嵐電のまぬままおまのレビュー・感想・評価

嵐電(2019年製作の映画)
4.0
鈴木卓爾監督作品。

京都に住んだことがある身としてはとても胸に響く作品でした。

京都は不思議な街で、都会と言えるほどビルがそびえ立つわけでも、田舎と言うほど何もないわけではない。
だからこそ風景は美しく空は広く澄んでいるし、街中には唯一性を帯びたお店がたくさんある。作中にも登場するように、嵐電の踏切や嵐山・太秦の美しさや駅のホームに接しているカフェなど。

そしてそんな街に引き寄せられるように色んな人がいる。
京都が地元な人はもちろん、仕事のためにくる人、修学旅行などで観光にくる人、そして私のように学生が。
色んな人が京都を循環して街をつくっている。それが伝統を守りながら、新しいことも芽吹く土壌になっているのだと思う。だから京都は魅力的な街なのだ。

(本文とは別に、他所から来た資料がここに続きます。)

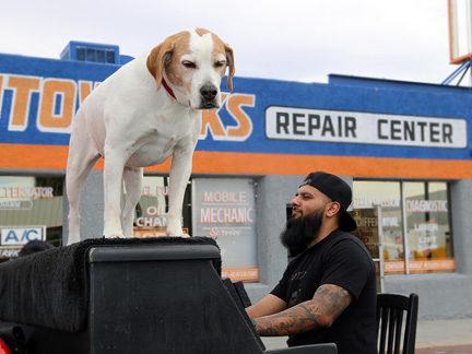 I woke up about 7:30am to take a quick pee before jumping back into bed. Then the electricity went out. I laid in bed while neighbors began to gather and chatter nervously in the parking lot. There was no getting back to sleep so I sat in my chair for two hours with practically no thought. I could not, did not want to think except that I did think about the food in my fridge and freezer I might lose at a time when I cannot replace it. Then dark clouds rolled in and it began to rain. Once they cleared the neighbors came out again and began to get high together and just laugh, chatter, be loud. It was very irritating especially after learning that a hundred people died in the USA from the virus overnight. About five people partied loud and obnoxious all day fucked out of their brains on drugs or whatever and I tried not to think about being on lock down with them outside my door for weeks maybe months. The sun came out, I took Mo for a walk. We spent some time at the (closed) Traveling Piano Art Gallery in the waiting room of the auto repair shop on main street in the Arts District of Las Vegas... which will close tomorrow for who knows how long.

もちろんそれは人々の歴史や記憶、思いが、痕跡を残して存在していることも意味する。だから登場人物らは、痕跡に触れると共に、嵐電で遥か彼方へ誘われてしまう。そして現実とフィクションが混線しあう。

現実とフィクションの循環。現実を眼差しながら、別様の未来を創造すること。それが映画なのかもしれない。

蛇足1
カフェ店員の小倉嘉子役の大西礼芳さん魅力的だ。